Talvez refletindo sobre isso, não necessariamente concordando, possamos caminhar para um processo de implantação de uma cultura esportiva no Brasil. Cultura de educação para o esporte e pelo esporte, não uma cultura apenas de resultados. Para podermos dizer que brasileiro gosta de esporte e não verificar que gosta apenas de ver outro brasileiro ganhando no esporte. Para que o esporte ajude primeiro a formar brasileiros melhores e depois a fomentar o aparecimento de brasileiros campeões olímpicos e mundiais.

4 comentários:

Silvio Luiz Barbosa disse...

Leitura perfeita Nori !!!

Anônimo disse...

Nori,
Uma brilhante e precisa reflexão. Poucas vezes li algo tão verdadeiro. O esporte tomou uma proporção que só atrapalha.

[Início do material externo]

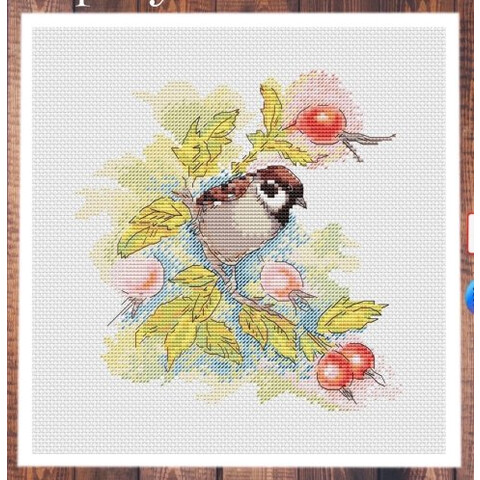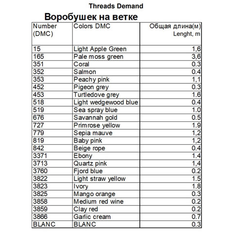 Набор ниток мулине к схеме "Воробушек на ветке" Внимание! схема в состав набора не входит, схема приобретается отдельно у автора схемы

Virou ferramenta para um monte de baboseira. E trampolim para outras tantas. Lamentável.

Bruno Formiga - jornalista

Marcos Almeida disse...

Noriega, a única ressalva que faço no texto é que está faltando um "t" no nome do Cesar Lattes.

No mais, esse texto é uma daquelas "verdades inconvenientes" que machucam quem se vê envolto nessas situaçõs. É um bom exercício de autorreflexão.

Parabéns pelas palavras!

Anônimo disse...

Concordo com tudo do texto,vejo que infelizmente no Brasil as pessoas apoiam apenas nas vitorias,nas derrotas todos falam mal.